Appl. Sci. 2022, 12(1), 33; https://doi.org/10.3390/app12010033
Submission received: 31 October 2021 / Revised: 14 December 2021 / Accepted: 16 December 2021 / Published: 21 December 2021

Abstract

:
The aim of the study is to compare selected carbohydrates that differed in the glycaemic index: maltodextrin, three native starches (wheat, rice, maize), and two disaccharides (trehalose and lactose) used to encapsulation of model oil (in this case cold-pressed pumpkin oil). Encapsulation efficiency of pumpkin oil by spray drying, size of obtained capsules, oxidative stability of encapsulated oil, and retention of tocopherols, squalene, and sterols in surface and core material of capsules were determined. It was found that encapsulation efficiency varied from 35% for rice starch to 68–71% for wheat starch, maltodextrin, and lactose.
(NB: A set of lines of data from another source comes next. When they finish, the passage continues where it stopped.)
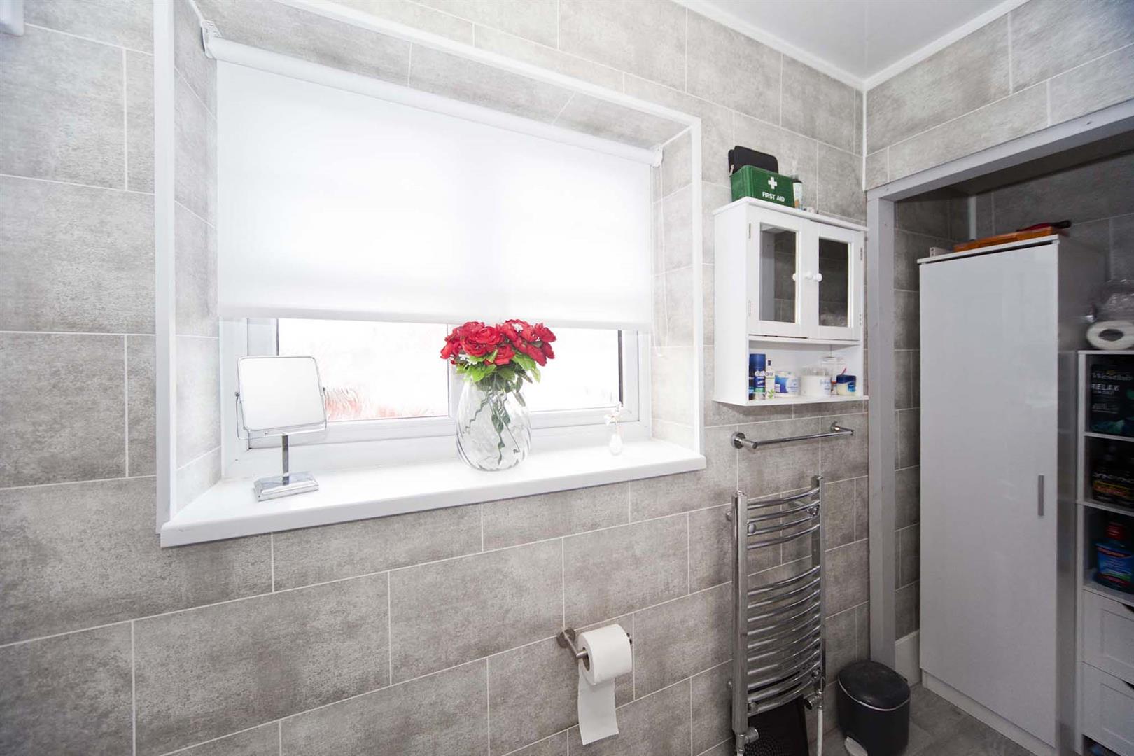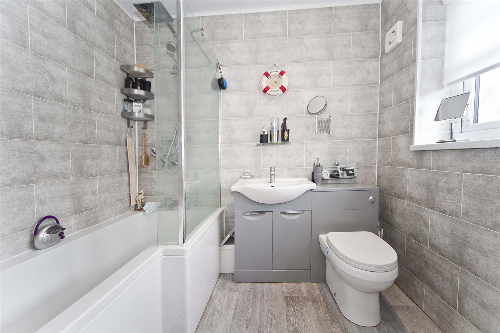 The stylish family bathroom comprises 'P' shaped bath, over bath shower and glass shower screen, concealed cistern WC and vanity wash basin combination unit, chrome heated towel radiator, storage area.
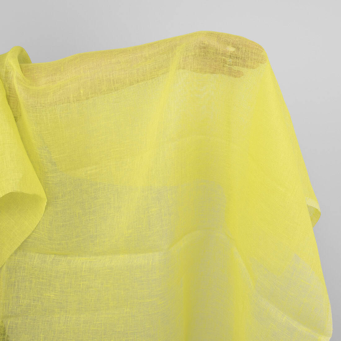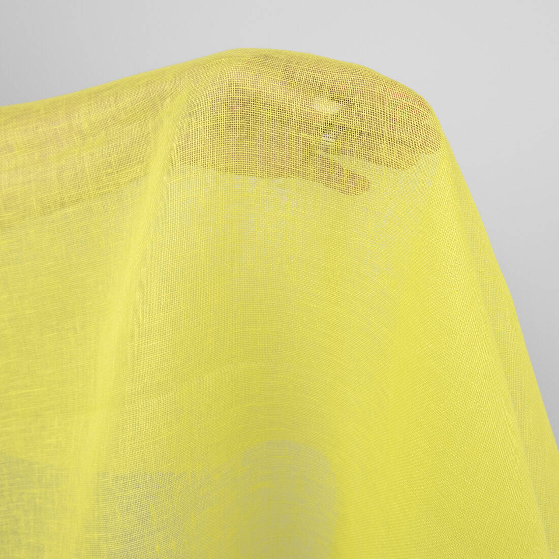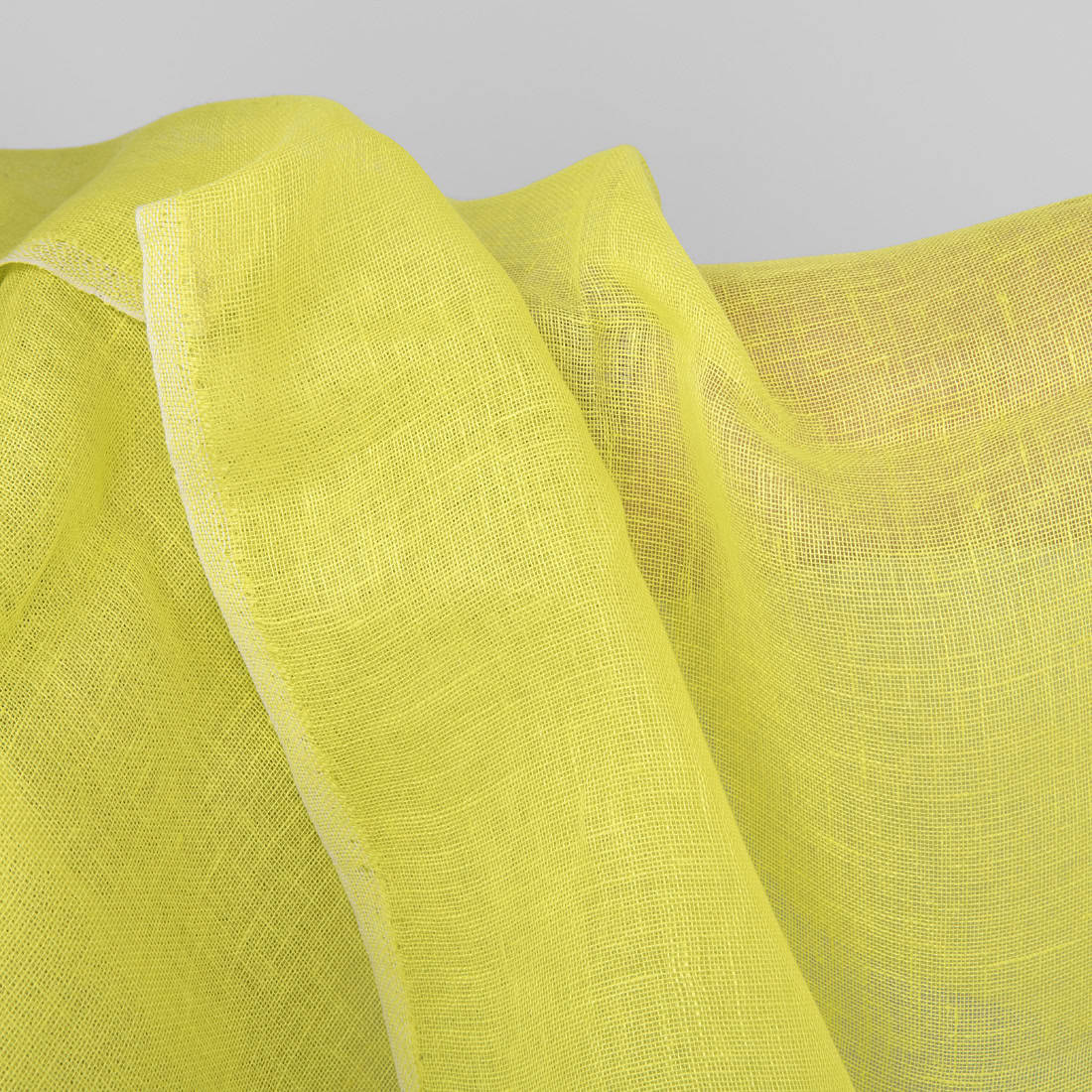 Neonowo jaskrawa, zielonkawo żółta tkanina 100% lniana wytkana gładko i bardzo rzadko. Lekka, rzadka i przeźroczysta tkanina lniana świetnie pasuje na szycie firanek, szaliczków i różnych akcesoriów.
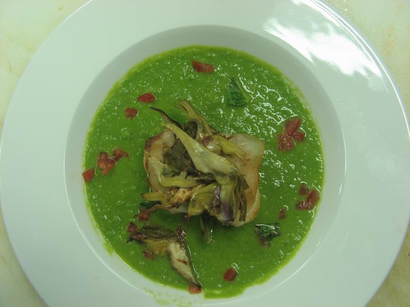 Tagliare finemente i carciofi, passarli qualche minuto in acqua e limone, asciugarli ben bene e soffriggerli in una padella con dell’olio extravergine d’oliva fino a diventare croccanti . Far soffriggere brevemente la coda di rospo in padella con poco olio, affettarla a tocchi grossi e longitudinalmente . In un fondina versare un po’ di crema di piselli, adagiare al centro due tocchi di coda di rospo e sopra di essa i carciofi croccanti.
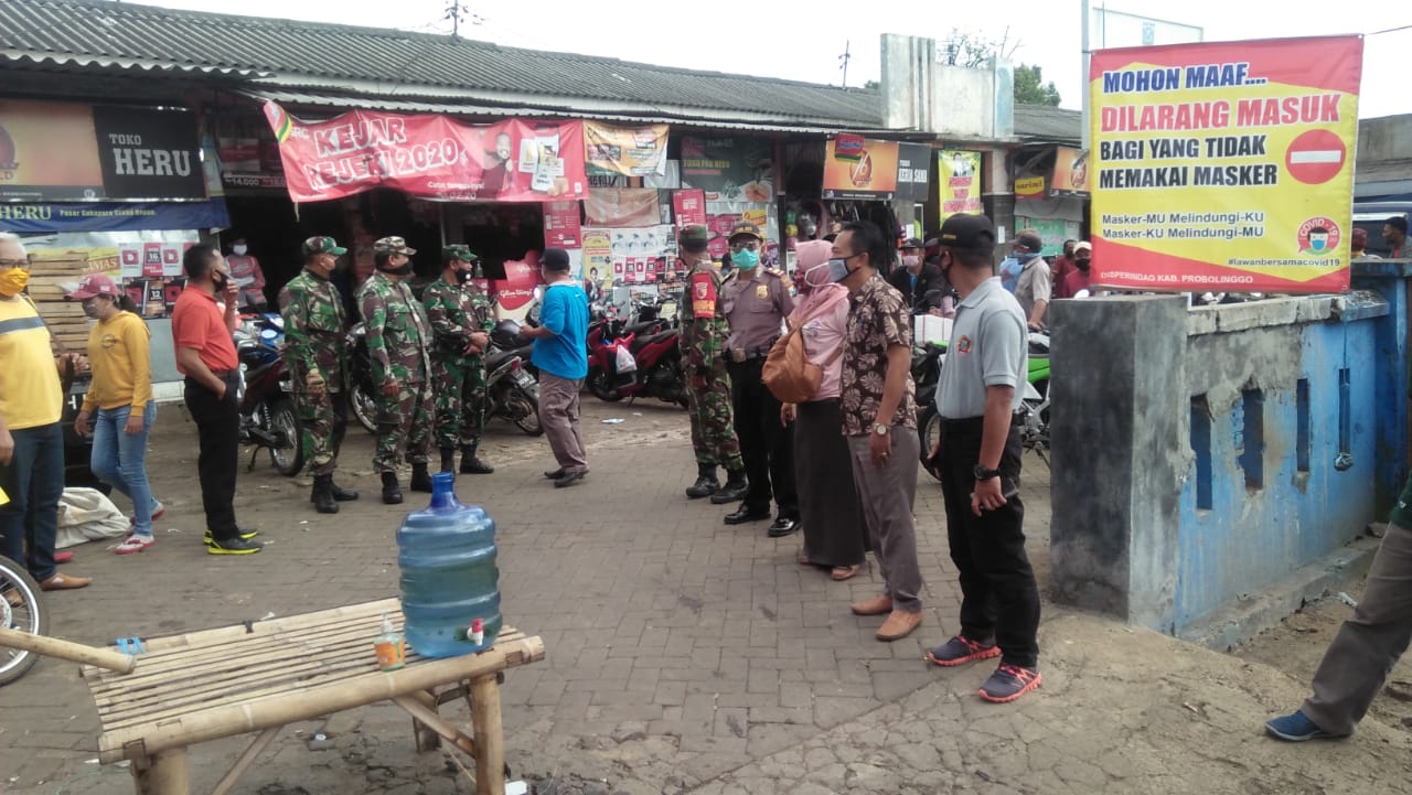 PENJURU.ID | PROBOLINGGO – Sadar dengan bahaya virus Covid-19 Disperindag, Forkopimda Sukapura, Dinkes, Satuan Polisi Pamong Praja dan Kepala Desa Sukapura melakukan sidak bersama ke pasar Sukapura untuk memberikan edukasi dan himbauan agar masyarakat baik pedagang ataupun pengunjung wajib menggunakan masker.

The bulk density of capsules was independent of the used carbohydrate type (189–198 kg/m3), while their size was significantly lower for samples of pumpkin oil encapsulated in native starches (over 2 times compared to capsules with trehalose). Of the best lipid capturing agents (native wheat starch, maltodextrin, and lactose), wheat starch mainly bound tocopherols, squalene, and sterols to the capsule surface, while lactose to the core material of the capsules (35.5–81.2%). Among tested carbohydrates, native wheat starch acted as the best antioxidant agent (oxidative stability was 15.1 h vs. 9.4 h for pure pumpkin oil).

1. Introduction

Many encapsulation techniques have been developed to avoid oxidative degradation of various bioactive lipophilic food ingredients (such as polyunsaturated fatty acids, tocopherols, phytosterols, carotenoids, etc.) and to increase their use in hydrophilic food recipes (such as drinks, juices, etc.). Among them, the complex coacervates, Pickering emulsions, core-shell structure microcapsules, cross-linked polymer gels, and self-assembled structures are the most widely used [1].
In the case of spray-dried prepared microcapsules, the choice of appropriate carrier material is an essential and decisive stage. According to Desai and Park [2] and Ray et al. [3] the ideal wall material should be characterized by the ability to disperse or emulsify the active material and stabilize the emulsion produced, by the non-reactivity with the active core materials and the ability for providing maximum protection to the active material against environmental conditions (e.g., oxygen, heat, light, humidity). In addition, an ideal carrier material should be neutral in flavour and inexpensive.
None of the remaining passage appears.